A team of researchers at the Center for Relativistic Laser Science, within the Institute for Basic Science (IBS) have developed a method to measure the shape of laser pulses in ambient air. Unlike conventional strategies, it is does not require a vacuum environment and can be applied to laser beams of different wavelengths (UV, visible or longer). This patented technique, currently available for technology transfer and commercialization, has now been published in Optica, and it is expected to accelerate studies on light-matter interaction.

Experts aim to employ laser light to control the behavior of the electrons, and potentially to manipulate electric currents.
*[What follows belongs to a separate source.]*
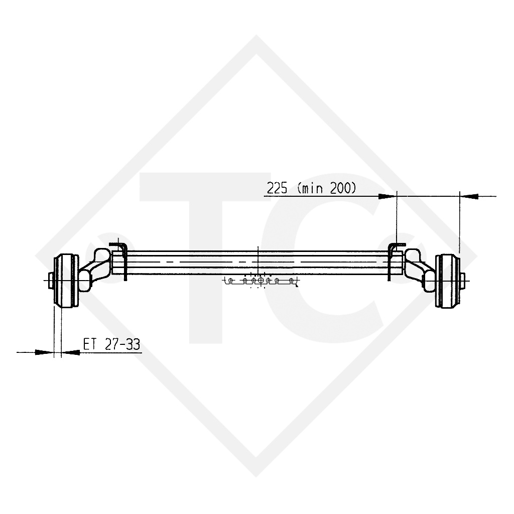 EAB : cote A 1300mm, VOIE : cote C 1780mm, perçage 100x4, type de frein de roue 1637, déport (ET) 27-33mm, position du bras de suspension 25°, corps d'essieu 80mm, vis de roue coniques M12x1.5. Lire plus...
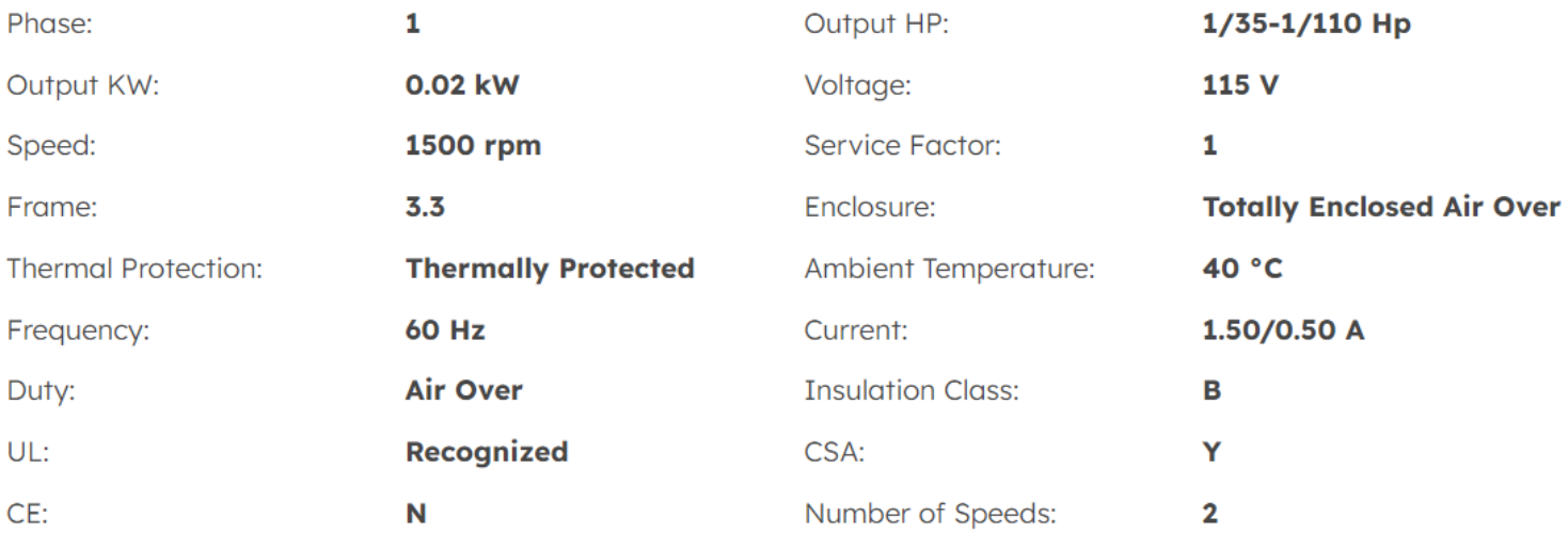 Output HP 1/35-1/110 Hp

However, in order to reach these goals, it is essential to know the waveform of a laser pulse. As molecular events occur in just attoseconds (1 as = 10-18 seconds), the existing method to study them relies on the generation of attosecond X-ray pulses which requires detection equipment in vacuum chambers. IBS researchers devised an alternative approach called TIPTOE (tunneling ionization with a perturbation for the time-domain observation of an electric field) which needs neither X-rays pulses nor vacuum conditions.

TIPTOE is based on two superimposed laser pulses: a strong one and a weak one. Atoms or molecules exposed to intensive electric fields, like the ones created by strong laser pulses, can lose some of their electrons in a phenomenon called tunnel ionization. The TIPTOE method depends on the intensity of the electric field and the tunnel ionization of the electrons of the atoms in the air. Time differences between the strong and the weak superimposed laser pulses cause the electric field intensity to vary. As a higher electric field intensity corresponds to higher ionization, changes in the electric field are directly reflected on the tunnel ionization. And in turn, these changes in tunnel ionization are used to measure the shape of the laser pulse. Since tunneling ionization lasts only 200 attoseconds, the TIPTOE method can provide enough temporal resolution to measure UV, visible, and longer wavelength pules.

Comparison between attosecond X-ray pulse method X-ray and TIPTOE to validate the new technique developed by IBS scientists
Figure 2: Comparison between attosecond X-ray pulse method X-ray (blue) and TIPTOE (red) to validate the new technique developed by IBS scientists. The waveforms measured with TIPTOE match the ones obtained with the conventional method.

IBS scientists validated TIPTOE by comparing it with the conventional X-ray pulse generation technique, and the results were the same.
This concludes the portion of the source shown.